Later, after the defeat of the earl of Warwick, both James and Robert Harrington were later taken into Richard’s household and were amongst the select group of his personal retainers.  They would have both worn a small silver gilt boar badge to show their status and their loyalty to Richard.

When he became king, Richard  expressed his intention of re-opening the debate about the ownership of Hornby Castle.  He was still determined that it should be returned to James Harrington.  Of course, the idea infuriated Thomas Stanley.  His son Edward was married to Anne Harrington and was living at Hornby and was not prepared to hand it back.

So, on the morning of the 22nd August, 1485, when Richard rode into battle with the Harrington brothers at his side, Thomas Stanley decided to fight against them.  Richard was killed.  James Harrington escaped with his life and fled, possibly losing his badge in the mud of Bosworth Field to be found over 500 years later.

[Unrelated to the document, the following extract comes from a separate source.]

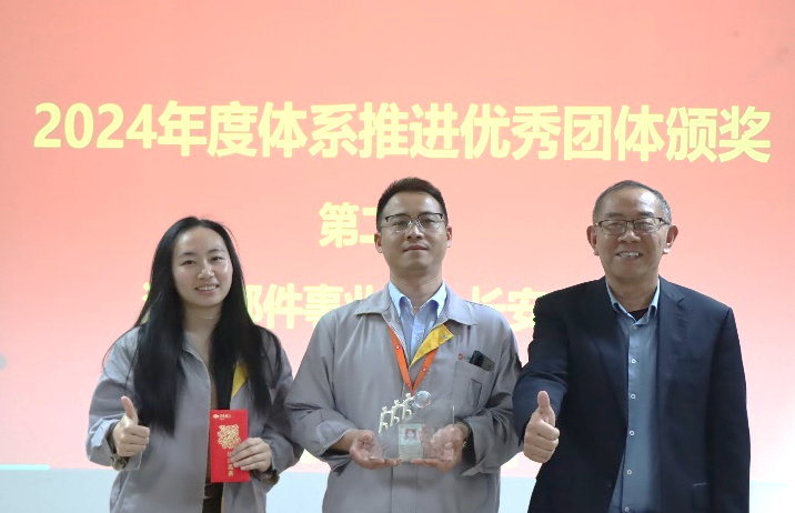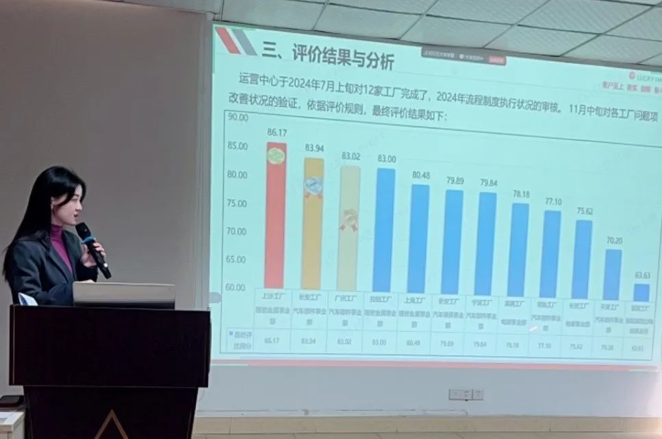 在表彰前,公司运营中心就2024 年公司各工厂管理体系执行力状况及评价结果进行汇报了。报告表明,相较于2023 年,各工厂整体执行率和改善率显著提升,但仍有部分标准模块需重点关注、严格控制并加强改善。公司管理体系依靠领导作用、全员参与等七大质量管理原则,按 PDCA 原则持续推进。针对现存问题,2025年确定三项重要工作作为聚焦改善方向:一是精简流程;二是加强流程执行监控;三是增强体系管理意识。

Some of you may already know that I’ve written a novel about this story.  It’s provisionally titled By Loyalty Bound and is still awaiting publication.  I hope that I can share this story with you soon.  Not only does it suggest that Richard’s support of the Harrington family was a factor in the Stanleys’ decision not to fight for him at Bosworth, it also introduces the intriguing idea that Anne Harrington could have been the mother of his children John and Katherine.

 

 

13 thoughts on “Sir James Harrington and the battle of Bosworth”

  1. Hello

    I am descended from Agnes Harrington and Alexander Radcliffe. Greatly looking forward to your book. I will be taking a course on The Wars of the Roses at Christ Church, Oxford July 7-12. Any chance your book may be at Blackwell’s?

    1. I don’t know if Blackwell’s will be stocking the book, but it’s worth going in to ask them. Or you could try Waterstones. Enjoy the course. The Wars of the Roses are fascinating to study.

  2. As a Harrington born and bred I am interested in anything connected to them, having tried to trace back and only got as far as the 1600s. I did not know they were with Richard when he was killed. Fascinating stuff!

    1. Hi. I am a Harrington living in the US. Traced my family name back to Thomas Harrington (born in the Virginia colonies 1625) May be the son of Edward Harrington(?) who arrived August 1st, 1643. Curious if you have any information on my English cousins from about that timeframe and older. Thank you in advance for any information about the Harrington family.
      Robert Harrington rob.superlocal@gmail.com

  3. Yes, the epitaphs do have a ring of Shakespeare about them. I think he may have written them, but I don’t think William Stanley was Shakespeare – although he was a playwright the dates don’t fit. William Shakespeare’s patron was Ferdinando Stanley and I think he wrote his version of Richard III partly to emphasise Ferdinando’s valid claim as the heir to Elizabeth I – which is why he has Thomas Stanley crowning the Tudor king; very symbolic.

  4. Looking forward to reading this book.Thomas Stanley is an ancestor of mine ,through the 5th Earl of Derby, Ferdinando Stanley.I can’t help liking Thomas ,he’s a survivor . I think there is a lot of literary Mileage to be had with the Stanley family in general.I particularly like the connection the family had with the Elizabethan Theatre ,was the 6th Earl the “other W.S”?

      1. This is great news .Btw my children went to Hornby High School,the younger one just before it closed .Such a beautiful location for a school it was a pity it ended. I have read the Epitaphs on two Stanley monuments 1@Tong Church ,Shropshire and 2@ Chelsea Old Church ,London and compared the second with Sonnet 55.I love the lines from Tong .”Aske who lies here but do not weepe ,He is not dead ,he doth but sleepe”. If William Stanley was Shakespeare it might explain why Richard 111 is written as an evil monster. “Revenge”?…best served cold.

  5. I’d love to read your novel based on this story, Elizabeth. You know, I’ve read several novels re-telling the story of Richard III and I’m always looking for new ones. Fingers crossed for publication!

  6. Fascinating story, Elizabeth. Even though I’m Lancashire born and bred, I’m a Yorkist supporter! Had no idea about the Harringtons’ connection with Richard (or with Stanley – boo, hiss!). Look forward to hearing more about your novel. I can’t get enough of stories about Richard and the Wars of the Roses.